The development of a persistent addicted state is due to adaptive changes in the brain upon chronic exposure to drugs of abuse such as heroin, cocaine, methamphetamine, and alcohol. These changes can lead to altered behavior, become a driving force for continued drug-seeking [13], and result in a debilitating chronic relapsing disorder. Drug addiction is a serious socio-economic problem directly affecting an estimated 8.3% of the USA population aged 12 years or older [4], with an impact on the user’s family and friends.

Glutamate is the major excitatory neurotransmitter in the mammalian brain and accounts for ~70% of synaptic transmission in the central nervous system [5]. Glutamate and its receptors play important roles in controlling compulsive and uncontrolled drug-use and the high incidence of relapse [68]. Opioid addiction has been reported not only to change basal glutamate levels and the presynaptic release of glutamate in various brain regions, but also to alter the expression of glutamate receptors, particularly N-methyl-D-aspartate receptors (NMDARs) in the nucleus accumbens, ventral tegmental area, basolateral amygdala, prefrontal cortex, and hippocampus [911]. The hippocampus, which is the center for learning and memory, plays critical roles in the processes by which chronic morphine leads to addictive behaviors, cognitive impairment, and relapse [1214]. Acute and chronic administration of morphine decreases the extracellular glutamate levels in the CA1 area of the hippocampus [15, 16]. In addition, it has been postulated that one of the neural mechanisms underlying the high rate of relapse is the sudden increase in extracellular glutamate in the hippocampus with exposure to drugs, stress, and conditioned cues. This sudden glutamate increase activates glutamatergic neurons in the hippocampus, which may lead to an increase of dopaminergic neuronal activity in the ventral tegmental area [17]. Some evidence indicates that morphine sensitization alters glutamate receptors in the dorsal hippocampus [18, 19]. So the hippocampus plays a critical role in drug addiction and may also be a crucial region for understanding the relationship between glutamate plasticity and opioid addiction.

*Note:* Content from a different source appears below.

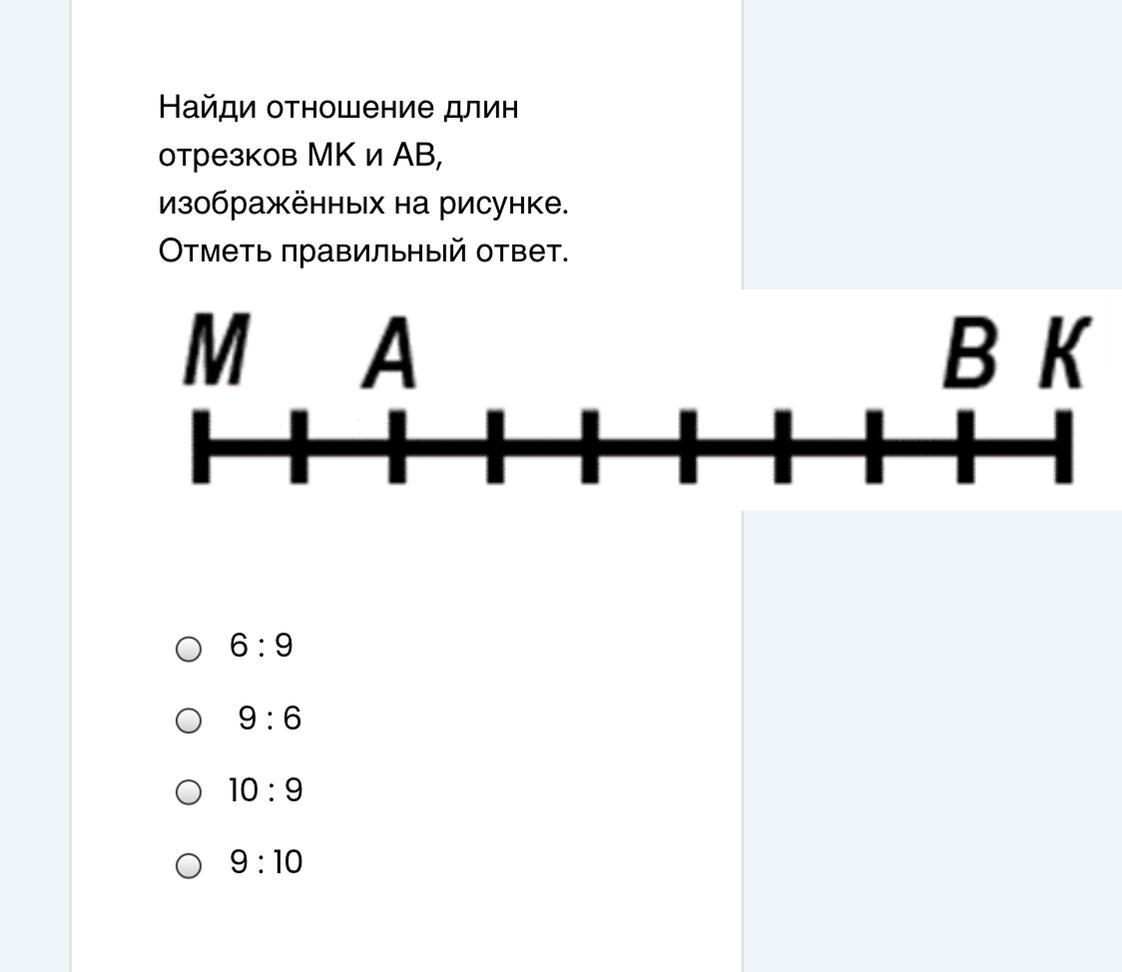 Найди отношение длин отрезков МК и АВ, изображённых на рисунке. Отметь правильный ответ.

Agmatine is endogenously synthesized by the decarboxylation of L-arginine in mammals, and is a putative neurotransmitter and/or neuromodulator [20]. Agmatine is widely distributed in the central nervous system, and has various biological actions [21, 22] including activating imidazoline receptors, blocking NMDARs, and inhibiting nitric oxide synthase activity [21]. In the past decade, a growing body of evidence from our laboratory and others has shown that systemic administration of agmatine enhances opioid analgesia but attenuates opioid-induced tolerance and addiction [2327]. Moreover, agmatine modulates the adaptation of glutamate transmission in the nucleus accumbens in chronic morphine-treated rats [28]. Thus, there has been growing interest in understanding the relationship between the changes in the glutamate system in other brain regions, such as the hippocampus, and the modulation of opioid addiction by agmatine.

The present study was designed to investigate the effect of agmatine on glutamate transmission in the hippocampus of rats chronically exposed to morphine.

Materials and Methods

Animals

All experiments were carried out in accord with the National Institute of Health Guide for the Care and Use of Laboratory Animals (Publication No. 41-48, revised in 1996) and were approved by the Animal Welfare and Ethics Committee of Beijing Institute of Pharmacology and Toxicology. Efforts were made to minimize the number of animals used and their suffering.

Male Wistar rats (220–250 g) were obtained from the Jingfeng Medical Laboratory Animal Center, China. All rats were housed for at least 1 week before surgery and were maintained in a 12-h light:12-h dark environment (lights on 08:00–20:00) at 24 ± 0.5 °C and 40–50% humidity. The animals were provided free access to food and water.

Drug Administration, In Vivo Microdialysis, and High-Performance Liquid Chromatography (HPLC)/Electrochemical Detection (ECD) Assays

In vivo Microdialysis

The chronic morphine-treated rat model was established and microdialysis was performed as described previously [28]. Briefly, the model was established by subcutaneous (s.c.) injection of morphine (Qinhai Pharmaceutical Factory, Xining, China) twice daily for 5 consecutive days. The doses of morphine were 10 mg/kg on day 1, 20 mg/kg on day 2, 30 mg/kg on day 3, 40 mg/kg on day 4, and 50 mg/kg on day 5. The control group received saline injection according to the same schedule. Agmatine (20 mg/kg, s.c.; Sigma-Aldrich, St. Louis, MO) was injected 30 min before morphine administration. The rats were given naloxone [2 mg/kg, intraperitoneal (i.p.), Sigma-Aldrich] 6 h after the last morphine injection.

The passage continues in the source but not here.